DoerrÂ’s first instinct was to immediately sell his shares, but he held OIT. He made Page
and Brin an offer: He would set up meetings for them with the most brilliant CEOs in
Silicon Valley, so they could get a better sense of what the job entailed. “After that,” he
told them, “if you think we should do a search, we will. And if you don’t want to, then
_-”
.ra ‘T
E] E] E] Aeazou
.-’,,~.4′;?}.7 l
si fl
I’ll make a decision about that.” Page and
Brin took a Magical Mystery Tour of high
tech royalty: AppleÂ’s Steve Jobs, IntelÂ’s
Andy Grove, IntuitÂ’s Scott Cook, Amazon
.comÂ’s Jeff Bezos, and others. Then they
came back to Doerr.
“We agree with you,” they told him; they
were ready to hire a CEO. But they would
sr, {“G1′Bfi1L1
Most of the text was recognized correctly, including words that Google Docs missed such as “offer” and “Caufield” (although it still got “off” wrong). Tesseract did a bad job on the header, and apparently thought some of the image was text (and didn’t use a dictionary to realize that it’s producing gibberish).

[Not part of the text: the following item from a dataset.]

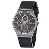 Skagen Mens SK581XLSLM Black Label Black Dial Watch: Skagen: Watches. Tang clasp. The History of Skagen Designs In 1987, Henrik and Charlotte Jorst came to the United States from their native Denmark to follow a dream: that of owning and running their own business. Skagen Designs was founded by these two natives of Copenhagen on the principle that beautifully designed, high-quality objects can be created at reasonable prices. The Skagen Collection of watches reflects the Jorsts' creative Danish spirit with clean, elegant designs, skillful craftsmanship and technical perfection. When you purchase a piece from the Skagen Collection, you become part of an international community of Skagen owners who believe in a philosophy of design and manufacturing excellence. Skagen Trend Spotting In the market place, time never stands still and so our innovation never sits idle. Our design team is on the pulse of current fashions, with regular visits to design centers of the world including Denmark, Switzerland,Italy, France, New York and Hong Kong. We are never content to follow established trends. We stay true to our classic design philosophy and interpret trends accordingly. We observe, listen and innovate - all to create lasting design pieces. The Result The production of such lasting design pieces often demands special processes and tooling. These are often a challenge to create; however, we are never satisfied with close enough. We continually push and fine-tune designs to stay true to our standards. We know what we want and are not satisfied until the design, material and workmanship are all just right. The result of such hard work and dedication speak for themselves in the jaw dropping enthusiasm and excitement created whenever anyone views our product line. Maintaining Your Skagen Watch Ensure that the crown is returned to the normal operating position before the watch comes in contact with water. Do not take your watch into a Hot Tub or Sauna. Under normal conditions, the seals in your Skagen watch will deteriorate and may need to be replaced every 2-3 years. Have your Skagen watch serviced by an official service center. All Skagen watches operate with standard batteries. When necessary, any jeweler can replace them for you. Different models are water resistant to varying degrees. Please refer to the back of your watch for the water resistant rating. How To Set The Time And Date Pull the crown out to the middle position. Rotate the crown to set date Pull the crown out to fully extended position and rotate crown to set desired time. Push the crown back to its normal position. The date and time are now set. Cleaning Your Skagen Watch Skagen suggests the following solutions for cleaning metal and crystal surfaces: 3:1 solution of ammonia based window cleaner to water 4:1 solution of rubbing alcohol to water. Do not use soap products. These suggested solutions will evaporate cleanly from metal and glass surfaces. Soap will leave residue behind when dry. To clean the case and crystal: Moisten a soft cloth with one of the above solutions. Gently wipe the case and crystal clean. Be careful not to put too much stress on the crystal as you clean. *NEVER immerse or soak the case/crystal portion of the watch, regardless of water resistance rating. Moisture could seep past the seals over time. To clean the band or strap: Skagen soft mesh bands are easily adjustable. Simply inser[5253] Stainless steel case and black leather bracelet. Fixed stainless steel bezel. grey sunray dial with silver-tone hands and stick markers. Date displays at the 4 o'clock position. Chronograph - three sub-dials displaying: day of the week, 30 minutes and 60 seconds. Quartz movement. Scratch resistant mineral crystal. Case width: 36 mm. Case thickness: 11 mm. Water resistant at 30 meters / 100 feet.
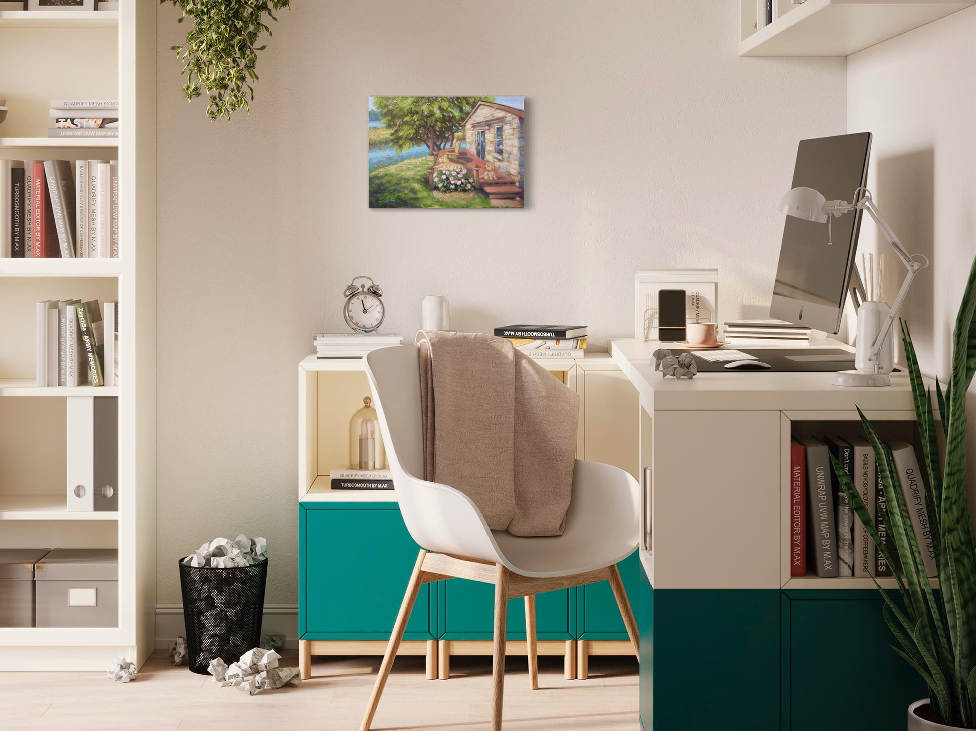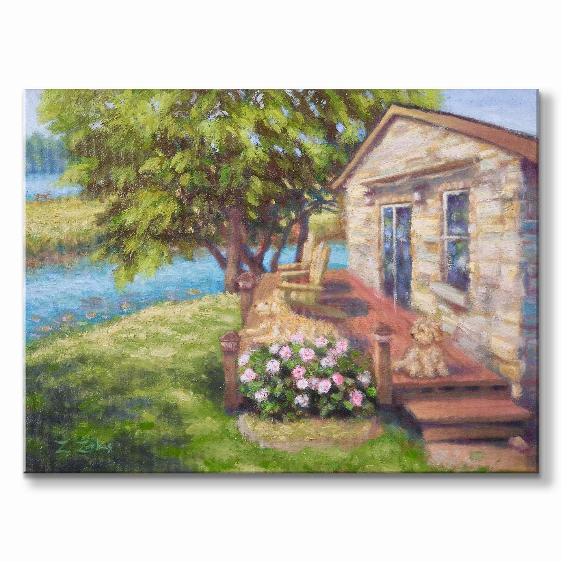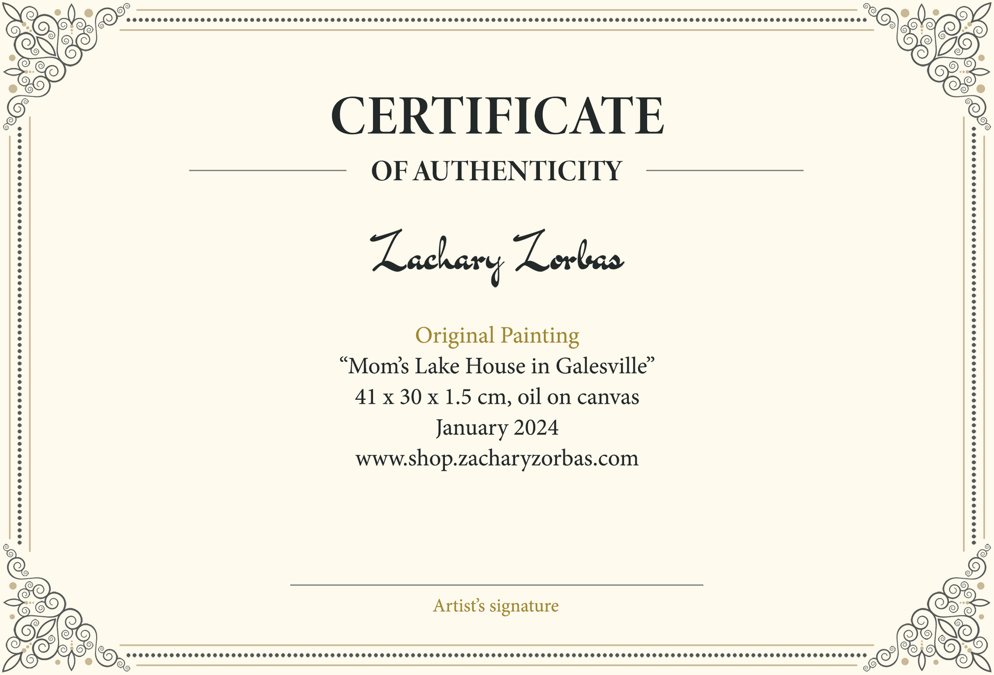 • Original painting by Zachary Zorbas titled “Mom's Lakehouse in Galesville Wisconsin” handmade in Aegina, Greece

Of course, Tesseract had an easier task than Google Docs because it got a 300 dpi scan whereas Google Docs had only 120 dpi to work with. When I tried to give the 120 dpi scan to Tesseract it failed miserably, and produced 100% garbage.
ABBYY FineReader
Finally, I tested what a commercial OCR program can do. ABBYY FineReader is one of the best programs today, and they have a free trial version, so that’s the one I used. The results were by far the best of the bunch. It recognized almost all of the text correctly; preserved fonts and layout; and recognized the images and saved them. Here’s a screenshot of the PDF that FineReader created. Note that unlike all the other images in this post, all the text here is editable:

PDF Created by ABBYY FineReader
I found only two mistakes in the output from ABBYY FineReader: it changed “Amazon.com” to “Amazon.corn” (probably due to an overzealous use of the dictionary), and changed “ILLUSTRATION BY Grafilu” to “LLUSTRATIDN BY Grafilll” in the footer.
Conclusion
Between 1996 and 2000 I worked at Ligature, an OCR company, so I’m familiar with the quality of commercial OCR programs. Even back in 1996, all of the top commercial OCR programs produced results similar to what ABBYY FineReader produced in this roundup. I was shocked by how bad the free OCR solutions are. Google Docs for Web is the best of them, but even that program is problematic because of its file-size limit and the loss of layout.
As for Google Docs for Android: it produces mediocre results, even when the user goes to great lengths to give it good input. When using a mobile phone in the real world there will usually be many more challenges: the lighting is often bad; the camera isn’t held precisely perpendicular to the page; the user’s hand shakes; etc. So my advice is: if you’re Julian Assange and you want to duplicate super-secret documents in a hurry, nothing beats a flatbed scanner and a top-tier OCR program.